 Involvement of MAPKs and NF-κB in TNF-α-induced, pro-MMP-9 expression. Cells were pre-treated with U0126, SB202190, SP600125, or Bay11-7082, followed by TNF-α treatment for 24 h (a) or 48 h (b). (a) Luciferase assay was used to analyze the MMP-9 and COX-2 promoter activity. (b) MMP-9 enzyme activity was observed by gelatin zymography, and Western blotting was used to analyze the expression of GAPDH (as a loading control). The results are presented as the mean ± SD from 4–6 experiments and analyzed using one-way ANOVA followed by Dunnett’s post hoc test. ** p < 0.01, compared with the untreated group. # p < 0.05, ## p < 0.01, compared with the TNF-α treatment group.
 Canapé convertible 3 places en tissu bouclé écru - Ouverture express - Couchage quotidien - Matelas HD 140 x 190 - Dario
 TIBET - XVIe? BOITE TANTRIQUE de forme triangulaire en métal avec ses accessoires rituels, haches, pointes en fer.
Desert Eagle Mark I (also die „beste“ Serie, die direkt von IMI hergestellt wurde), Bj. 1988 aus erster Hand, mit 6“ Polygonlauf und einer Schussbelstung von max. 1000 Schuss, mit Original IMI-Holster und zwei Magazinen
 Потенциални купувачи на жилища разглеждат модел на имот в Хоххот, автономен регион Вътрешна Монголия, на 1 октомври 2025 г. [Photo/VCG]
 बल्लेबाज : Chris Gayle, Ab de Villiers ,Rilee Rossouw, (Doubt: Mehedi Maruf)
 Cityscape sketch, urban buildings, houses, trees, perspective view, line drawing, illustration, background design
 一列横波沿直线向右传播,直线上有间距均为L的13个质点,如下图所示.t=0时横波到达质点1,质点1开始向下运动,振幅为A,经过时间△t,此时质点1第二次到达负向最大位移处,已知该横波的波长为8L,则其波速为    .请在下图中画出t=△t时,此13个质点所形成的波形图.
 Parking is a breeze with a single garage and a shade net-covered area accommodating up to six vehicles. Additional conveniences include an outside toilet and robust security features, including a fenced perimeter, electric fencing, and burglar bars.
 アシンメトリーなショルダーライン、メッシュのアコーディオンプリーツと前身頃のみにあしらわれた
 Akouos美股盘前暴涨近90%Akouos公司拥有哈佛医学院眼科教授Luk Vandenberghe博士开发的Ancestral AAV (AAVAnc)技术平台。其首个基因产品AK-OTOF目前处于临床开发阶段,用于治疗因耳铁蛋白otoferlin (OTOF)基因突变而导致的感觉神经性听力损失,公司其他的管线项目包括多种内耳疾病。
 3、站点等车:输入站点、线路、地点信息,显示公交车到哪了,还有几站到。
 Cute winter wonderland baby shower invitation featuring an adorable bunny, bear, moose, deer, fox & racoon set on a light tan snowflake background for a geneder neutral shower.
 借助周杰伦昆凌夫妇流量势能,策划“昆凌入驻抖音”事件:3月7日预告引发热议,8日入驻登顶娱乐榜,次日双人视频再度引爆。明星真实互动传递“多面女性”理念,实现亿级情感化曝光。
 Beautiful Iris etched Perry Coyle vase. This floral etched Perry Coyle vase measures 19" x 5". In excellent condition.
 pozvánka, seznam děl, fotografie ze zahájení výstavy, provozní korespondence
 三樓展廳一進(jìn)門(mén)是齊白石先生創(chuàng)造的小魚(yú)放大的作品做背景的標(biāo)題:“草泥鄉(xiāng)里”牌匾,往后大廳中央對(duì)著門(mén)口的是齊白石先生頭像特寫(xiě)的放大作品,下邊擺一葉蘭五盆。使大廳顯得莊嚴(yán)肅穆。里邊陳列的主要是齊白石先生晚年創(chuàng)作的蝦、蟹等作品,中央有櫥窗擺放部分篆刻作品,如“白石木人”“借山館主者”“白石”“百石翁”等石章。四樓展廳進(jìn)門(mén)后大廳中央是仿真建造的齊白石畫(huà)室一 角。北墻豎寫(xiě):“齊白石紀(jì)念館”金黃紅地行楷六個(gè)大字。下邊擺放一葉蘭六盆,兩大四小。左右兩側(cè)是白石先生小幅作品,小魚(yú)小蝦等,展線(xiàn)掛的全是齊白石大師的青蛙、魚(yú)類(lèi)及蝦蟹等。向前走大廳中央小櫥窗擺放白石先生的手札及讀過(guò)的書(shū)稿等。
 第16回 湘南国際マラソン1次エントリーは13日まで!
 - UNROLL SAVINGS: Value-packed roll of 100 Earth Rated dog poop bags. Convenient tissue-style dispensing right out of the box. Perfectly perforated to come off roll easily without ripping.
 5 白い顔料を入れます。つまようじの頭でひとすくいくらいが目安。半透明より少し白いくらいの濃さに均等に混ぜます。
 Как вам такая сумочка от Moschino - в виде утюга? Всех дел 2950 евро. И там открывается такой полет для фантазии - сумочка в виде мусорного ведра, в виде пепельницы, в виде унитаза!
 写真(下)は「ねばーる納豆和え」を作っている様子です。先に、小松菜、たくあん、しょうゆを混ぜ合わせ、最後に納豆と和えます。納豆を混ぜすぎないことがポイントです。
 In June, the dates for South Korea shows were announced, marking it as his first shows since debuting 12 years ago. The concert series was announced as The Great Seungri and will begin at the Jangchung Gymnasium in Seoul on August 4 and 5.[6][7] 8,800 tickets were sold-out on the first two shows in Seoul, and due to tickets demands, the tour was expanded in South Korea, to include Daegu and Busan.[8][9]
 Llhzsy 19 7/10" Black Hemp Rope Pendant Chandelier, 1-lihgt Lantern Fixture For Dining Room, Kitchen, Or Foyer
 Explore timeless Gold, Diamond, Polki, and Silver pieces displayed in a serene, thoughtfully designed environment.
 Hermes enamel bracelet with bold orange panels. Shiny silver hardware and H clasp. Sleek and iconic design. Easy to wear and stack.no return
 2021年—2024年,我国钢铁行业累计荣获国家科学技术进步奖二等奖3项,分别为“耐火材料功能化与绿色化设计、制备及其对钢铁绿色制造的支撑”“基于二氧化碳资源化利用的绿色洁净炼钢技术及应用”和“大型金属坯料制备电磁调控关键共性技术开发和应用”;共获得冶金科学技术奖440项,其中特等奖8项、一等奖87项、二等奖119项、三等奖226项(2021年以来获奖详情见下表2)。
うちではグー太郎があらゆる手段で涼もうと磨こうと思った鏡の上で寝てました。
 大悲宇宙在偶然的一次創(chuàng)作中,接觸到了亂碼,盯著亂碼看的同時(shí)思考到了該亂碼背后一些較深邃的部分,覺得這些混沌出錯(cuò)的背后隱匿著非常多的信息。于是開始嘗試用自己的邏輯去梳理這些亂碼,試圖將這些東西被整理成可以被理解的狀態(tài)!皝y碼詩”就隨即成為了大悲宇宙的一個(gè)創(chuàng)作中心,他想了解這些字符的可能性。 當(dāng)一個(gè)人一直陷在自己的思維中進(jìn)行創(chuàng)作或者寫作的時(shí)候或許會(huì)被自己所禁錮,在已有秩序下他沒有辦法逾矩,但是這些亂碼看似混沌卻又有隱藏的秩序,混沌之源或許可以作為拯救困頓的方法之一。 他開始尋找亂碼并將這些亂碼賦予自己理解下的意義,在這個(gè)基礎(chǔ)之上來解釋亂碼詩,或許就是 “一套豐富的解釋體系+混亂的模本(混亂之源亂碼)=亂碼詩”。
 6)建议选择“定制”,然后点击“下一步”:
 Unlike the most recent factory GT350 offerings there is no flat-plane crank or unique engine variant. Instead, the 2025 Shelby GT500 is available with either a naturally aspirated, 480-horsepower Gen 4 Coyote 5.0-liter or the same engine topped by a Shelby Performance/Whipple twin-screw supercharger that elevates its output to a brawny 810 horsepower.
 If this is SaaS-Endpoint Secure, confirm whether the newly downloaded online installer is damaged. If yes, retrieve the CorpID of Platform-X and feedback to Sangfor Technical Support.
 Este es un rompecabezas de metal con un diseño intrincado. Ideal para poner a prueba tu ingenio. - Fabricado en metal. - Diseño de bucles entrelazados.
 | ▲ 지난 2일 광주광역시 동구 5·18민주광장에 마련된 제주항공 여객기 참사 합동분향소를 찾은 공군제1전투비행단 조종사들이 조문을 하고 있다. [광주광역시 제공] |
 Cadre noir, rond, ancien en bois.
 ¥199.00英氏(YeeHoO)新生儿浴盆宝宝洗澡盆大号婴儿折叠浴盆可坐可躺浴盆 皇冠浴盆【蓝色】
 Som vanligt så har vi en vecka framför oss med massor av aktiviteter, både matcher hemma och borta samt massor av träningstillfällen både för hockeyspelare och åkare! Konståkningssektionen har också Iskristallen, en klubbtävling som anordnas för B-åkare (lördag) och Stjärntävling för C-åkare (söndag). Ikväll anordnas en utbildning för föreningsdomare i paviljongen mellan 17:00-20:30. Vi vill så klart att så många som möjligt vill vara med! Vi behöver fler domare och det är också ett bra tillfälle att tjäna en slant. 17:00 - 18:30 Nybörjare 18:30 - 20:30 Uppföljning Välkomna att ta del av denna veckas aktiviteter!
---------------
** TO DO **
Begin at the line above that has "3、站点等车:输入站点、线路、地点信息,显示公交车到哪了,还有几站到。" and stop after the line that has "pozvánka, seznam děl, fotografie", copying each line exactly and adding nothing else.

** OUTPUT OF THE EXERCISE **
 3、站点等车:输入站点、线路、地点信息,显示公交车到哪了,还有几站到。
 Cute winter wonderland baby shower invitation featuring an adorable bunny, bear, moose, deer, fox & racoon set on a light tan snowflake background for a geneder neutral shower.
 借助周杰伦昆凌夫妇流量势能,策划“昆凌入驻抖音”事件:3月7日预告引发热议,8日入驻登顶娱乐榜,次日双人视频再度引爆。明星真实互动传递“多面女性”理念,实现亿级情感化曝光。
 Beautiful Iris etched Perry Coyle vase. This floral etched Perry Coyle vase measures 19" x 5". In excellent condition.
 pozvánka, seznam děl, fotografie ze zahájení výstavy, provozní korespondence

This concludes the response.